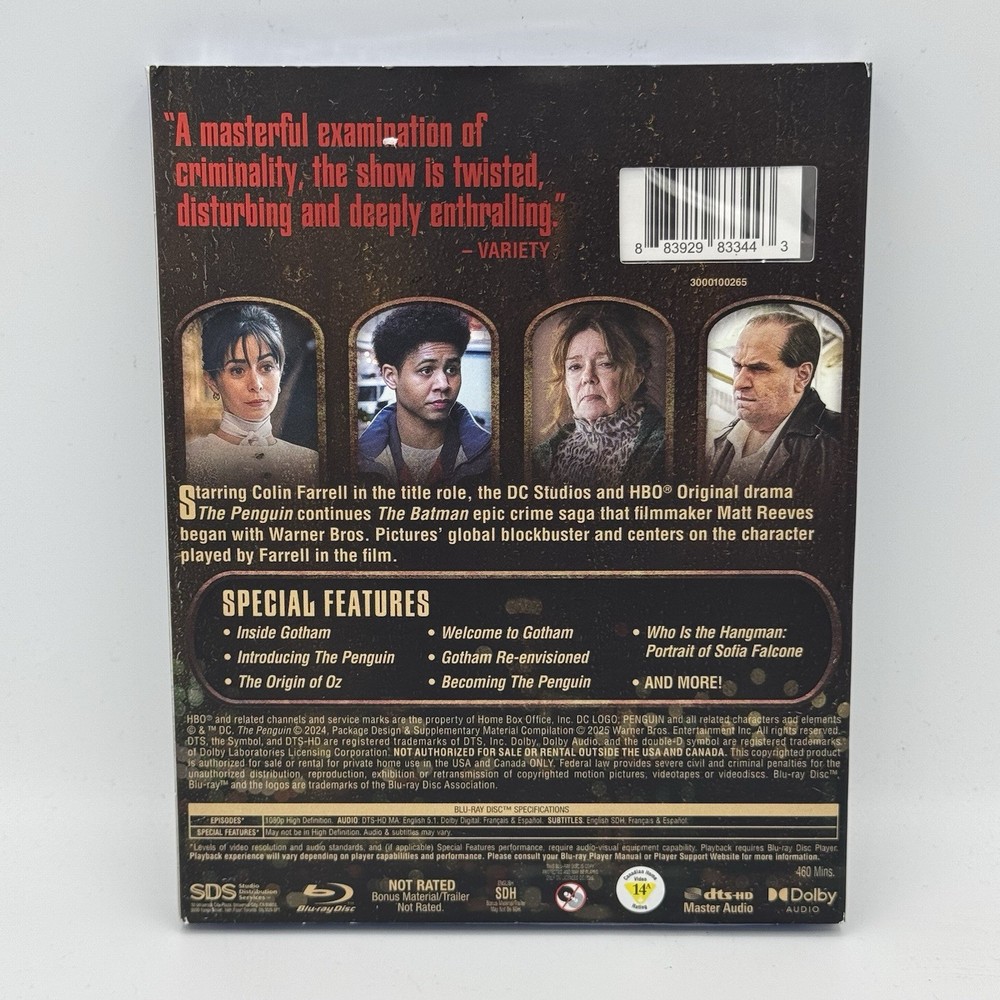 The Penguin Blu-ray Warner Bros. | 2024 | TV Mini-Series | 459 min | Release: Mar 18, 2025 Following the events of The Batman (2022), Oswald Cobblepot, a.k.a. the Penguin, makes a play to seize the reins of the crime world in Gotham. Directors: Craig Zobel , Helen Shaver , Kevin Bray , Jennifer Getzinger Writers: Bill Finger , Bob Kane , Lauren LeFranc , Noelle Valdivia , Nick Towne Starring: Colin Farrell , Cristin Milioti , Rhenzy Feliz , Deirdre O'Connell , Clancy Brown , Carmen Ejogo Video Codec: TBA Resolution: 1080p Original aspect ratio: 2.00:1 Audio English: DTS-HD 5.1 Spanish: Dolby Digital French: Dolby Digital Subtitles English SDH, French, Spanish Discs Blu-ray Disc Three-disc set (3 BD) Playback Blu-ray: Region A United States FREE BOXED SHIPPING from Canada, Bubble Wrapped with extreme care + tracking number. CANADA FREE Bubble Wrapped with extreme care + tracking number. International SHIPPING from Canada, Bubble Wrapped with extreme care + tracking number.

:::::

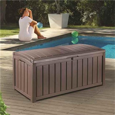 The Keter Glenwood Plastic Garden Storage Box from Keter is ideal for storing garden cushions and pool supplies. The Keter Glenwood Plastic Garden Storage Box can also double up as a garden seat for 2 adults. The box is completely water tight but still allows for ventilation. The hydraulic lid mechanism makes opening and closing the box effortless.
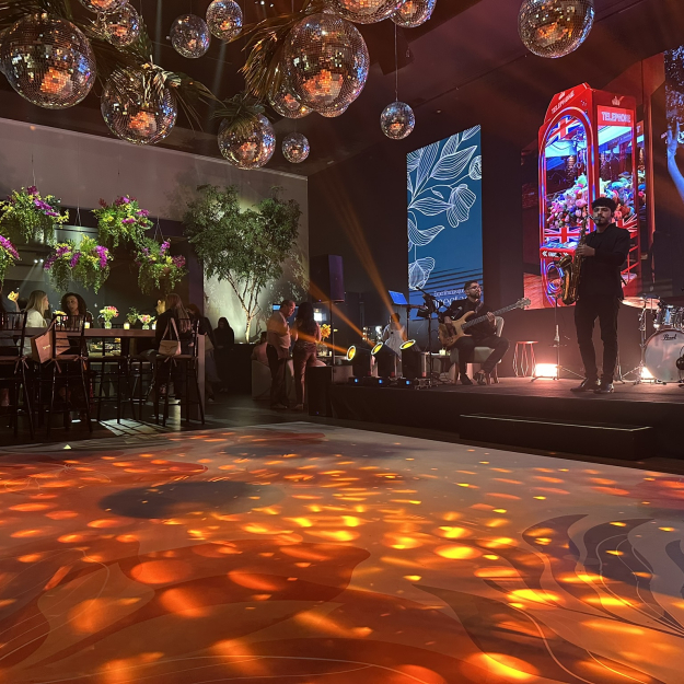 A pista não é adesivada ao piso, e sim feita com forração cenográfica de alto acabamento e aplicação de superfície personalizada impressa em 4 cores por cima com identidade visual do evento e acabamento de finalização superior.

:::::

[What is expected] In the records above, everything from the line with "The Keter Glenwood Plastic Garden Storage Box from" down to the line with "A pista não" is to be set down exactly, both ends included, with no pictures and no other lines.

[Finished task]
 The Keter Glenwood Plastic Garden Storage Box from Keter is ideal for storing garden cushions and pool supplies. The Keter Glenwood Plastic Garden Storage Box can also double up as a garden seat for 2 adults. The box is completely water tight but still allows for ventilation. The hydraulic lid mechanism makes opening and closing the box effortless.
 A pista não é adesivada ao piso, e sim feita com forração cenográfica de alto acabamento e aplicação de superfície personalizada impressa em 4 cores por cima com identidade visual do evento e acabamento de finalização superior.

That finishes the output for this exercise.